Web DevelopmentFeedGenerator

Overview

A simple little PHP program that generates an RSS feed for your site by crawling each page looking for appropriately marked content. I use it to create the feed for this site, which I hope you're subscribed to.

The idea is very similar to the very nice service provided by RSSPECT, I don't claim this to be an original concept. However their free service didn't do quite what I needed so I thought I'd write my own.

This project makes use of the PHPCrawl webcrawler library to do the crawling of the site. All the code is available on GitHub.

Usage

Generating the feed

An example of how to use FeedGenerator is included in the GenerateRSSExample.php file

include_once("FeedGenerator.class.php");

$generator = new FeedGenerator();
$generator->setTitle('My feed');
$generator->setDescription('A non-existent feed does not have a description');
$generator->setURL("http://" . $_SERVER['SERVER_NAME']);
$generator->setItemCount(15);
$generator->go();

$generator->save("rss.xml");

echo '<a href="rss.xml"/>RSS</a>';

On the first line we reference the main FeedGenerator.class.php.

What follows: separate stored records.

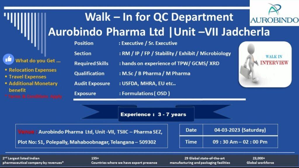 Aurobindo Pharma- Walk In Interview for Executive / Sr. Executive- QC Department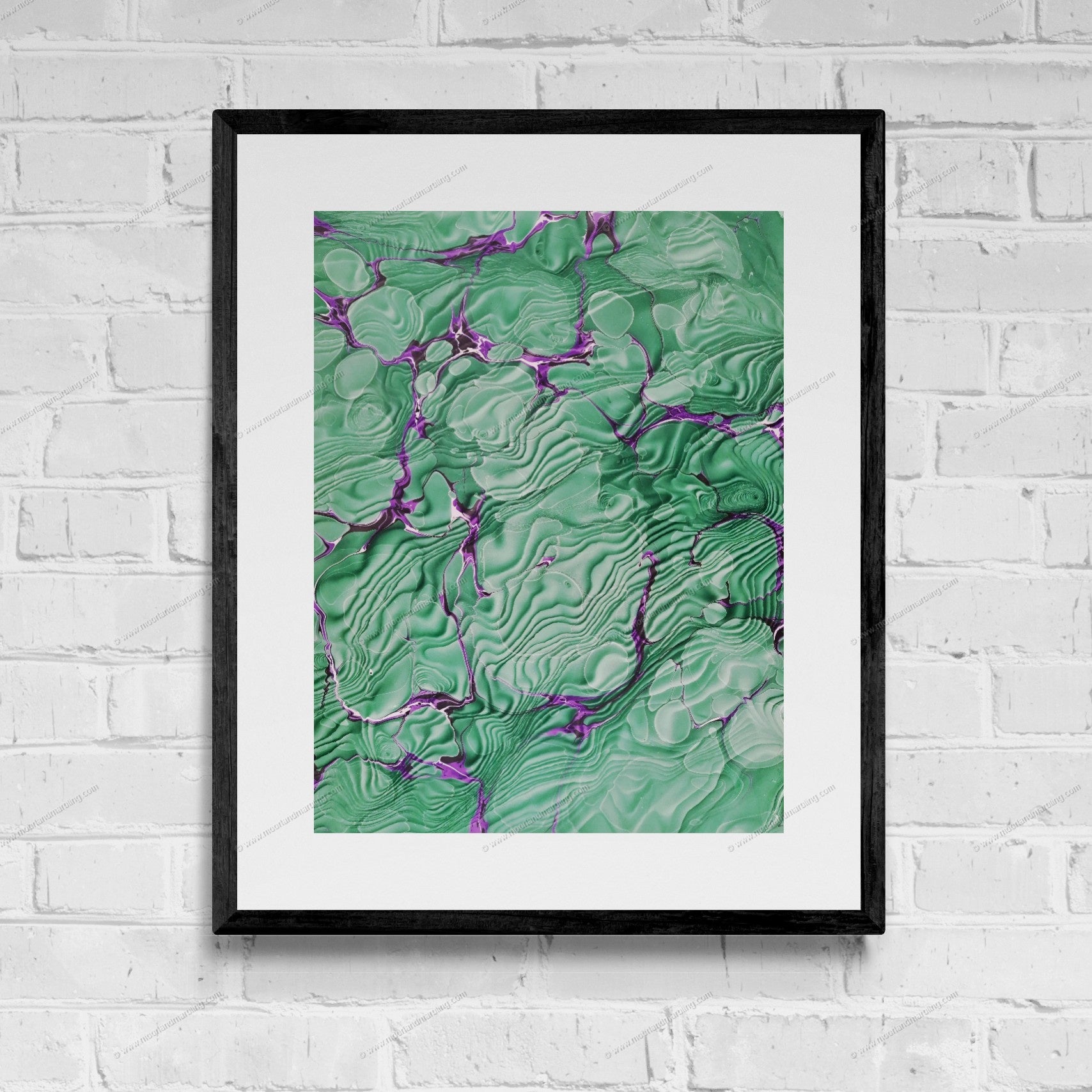 Original Acrylic on Paper Marbled Artwork, named "Malachite Byzantium"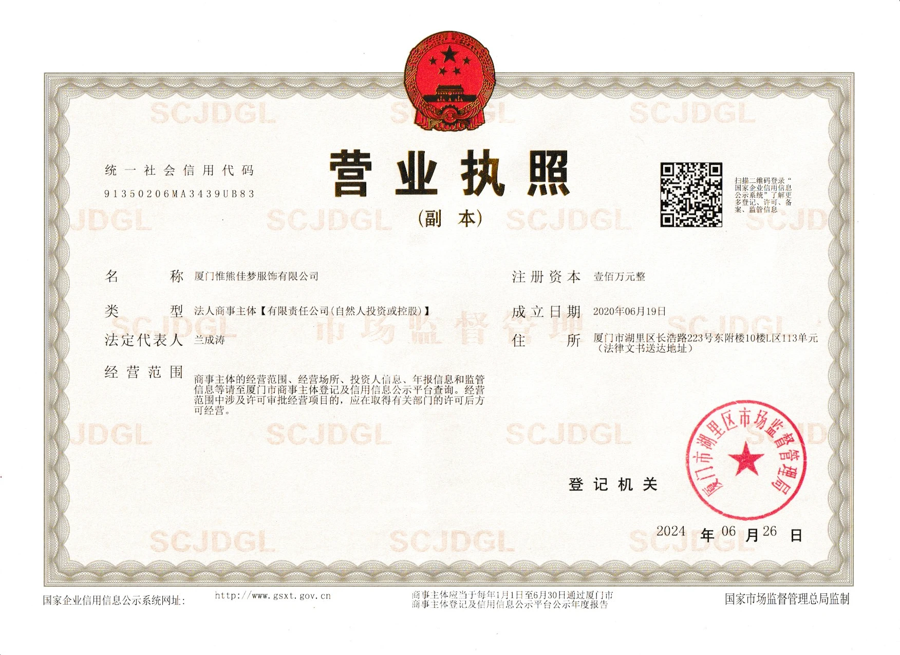 Company Name : Xiamen Weixiong Jiameng Clothing Co., Ltd.

We then proceed to create a new FeedGenerator object, on which we can set various properties: a title and description for your feed, a URL from which the generator will start crawling your site looking for content, and the number of items we wish to limit the feed to.

We then tell the generator to start crawling the site with a call to go.

Finally we save the generated feed out to an xml file and output a link to the file so we can inspect how it came out. Thus to generate the feed we simply need to visit this PHP file. Note, it may take a while if your site is large.

Marking HTML content for inclusion in the feed

To mark a section of your site to be included in the feed it needs to be enclosed in a single html element (you can normally wrap things in a <span></span> without affecting your layout if needs be). The element must have an attribute data-feed-id set to some value, uniquely chosen for this feed entry. Further attributes can then be specified on the element to provide information about the feed entry, the full list of supported attributes is

  • data-feed-id - The unique id for this feed item
  • data-feed-title - The title of the feed item
  • data-feed-date - The date of the feed item, can be in any format handled by PHP's strtotime function
  • data-feed-url - Allows explicitly setting the URL for the feed item's link, if not set the link will be set as the URL of the (last) page the crawler found the item on.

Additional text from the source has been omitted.